Work required: Your answer should hold only the lines from the one containing "When news reached" through the last line below, copied exactly; pictures stay out.

Data excerpt:
□ □ □

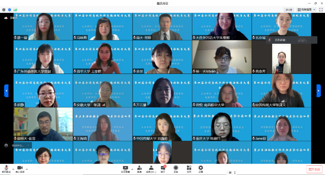 开幕式结束后,全国高校本科生德语配音大赛项目负责人、Beat365唯一官方网站教师顾苏博士详细介绍了大赛初赛五个分会场的具体安排以及评审规则。大赛初赛于9点30分准时开始,评委团队采取交叉回避原则分组对参赛作品进行了评审。虽然疫情导致各高校选手无法面对面交流,但是腾讯会议间的“万籁俱唱”精彩纷呈。经过激烈的角逐,共选出15支参赛队伍晋级决赛。南京大学外国语学院德语系教师常晅博士以及Beat365唯一官方网站德国学术交流中心专家Tim Hirschberg代表全体评委对本次大赛的参赛作品进行了精彩的点评。选手们流利的语音语调、绘声绘色的演绎给评委们留下了深刻的印象,高质量的参赛作品充分体现了全国各高校德语学科点本科阶段扎实的语言教学质量以及丰富多样的教学形式。
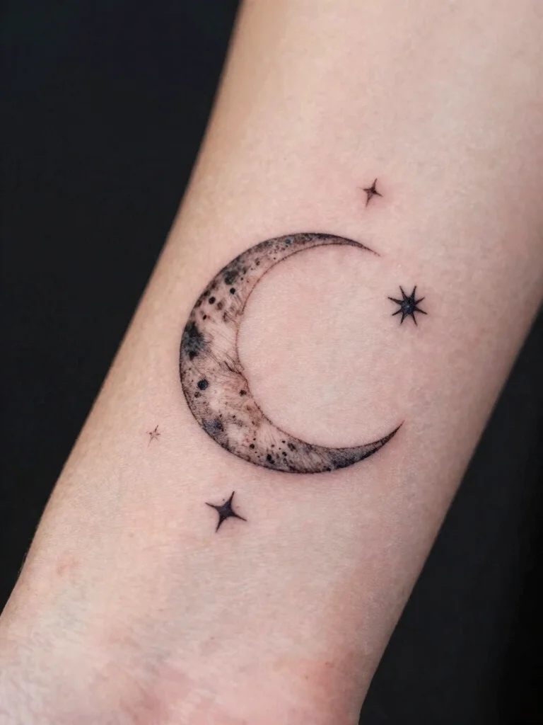 The moon and stars tattoo embodies the magic of the night sky, perfect for those enchanted by nature’s beauty. This whimsical design symbolizes guidance and inspiration, often serving as a beacon of hope.
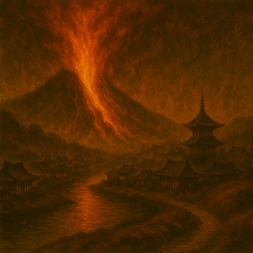 When news reached him of Mount Unzen’s eruption in Nagasaki, he believed fate was calling him to service once more. Ren rode through ash-filled roads, past refugees and smoldering fields, until he reached the local Shogun’s encampment.
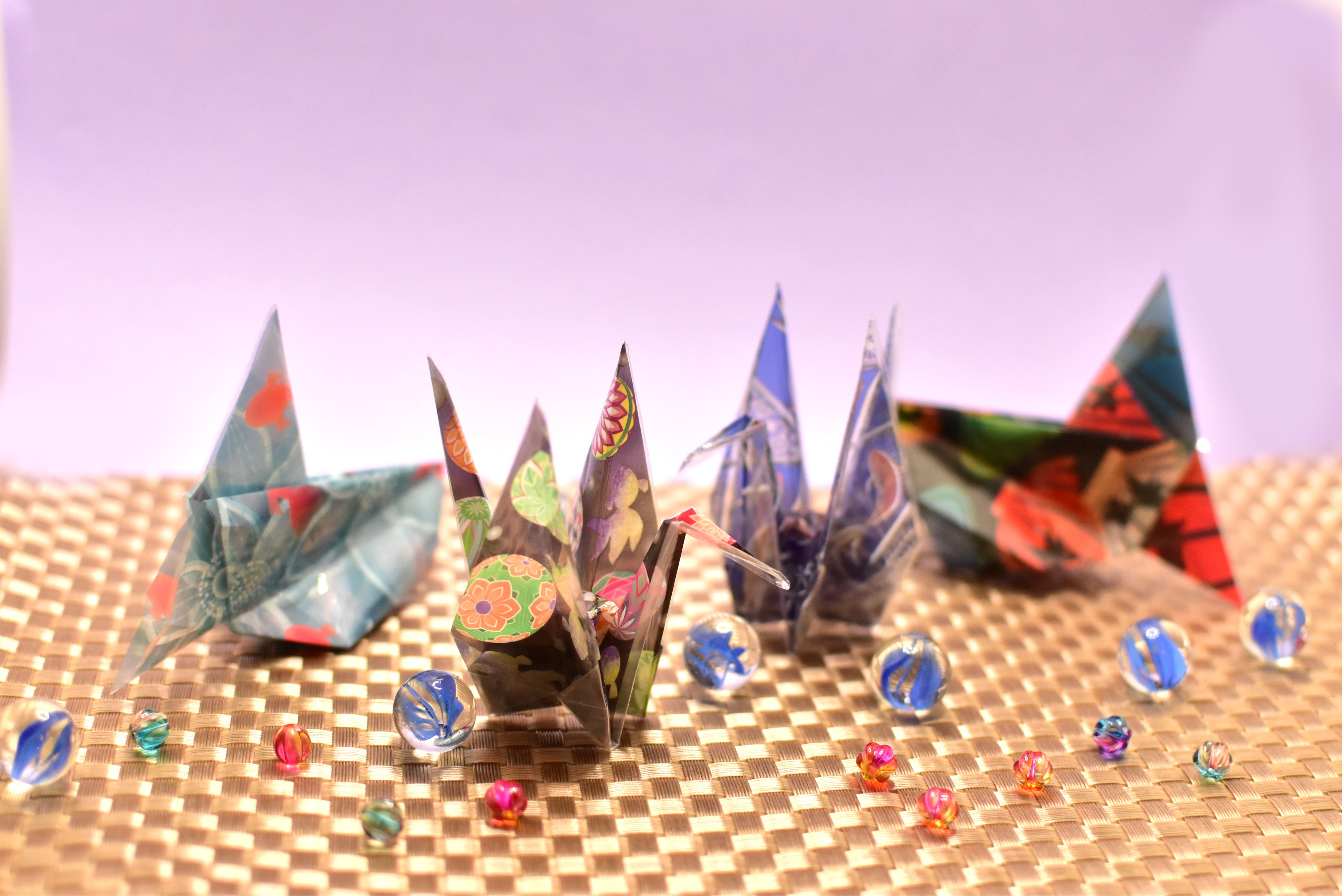 新素材“オリエステルおりがみ®”を使った折り紙は、照明に当てると美しく光ったりと、様々な楽しみ方ができます。

□ □ □

Answer box:
 When news reached him of Mount Unzen’s eruption in Nagasaki, he believed fate was calling him to service once more. Ren rode through ash-filled roads, past refugees and smoldering fields, until he reached the local Shogun’s encampment.
 新素材“オリエステルおりがみ®”を使った折り紙は、照明に当てると美しく光ったりと、様々な楽しみ方ができます。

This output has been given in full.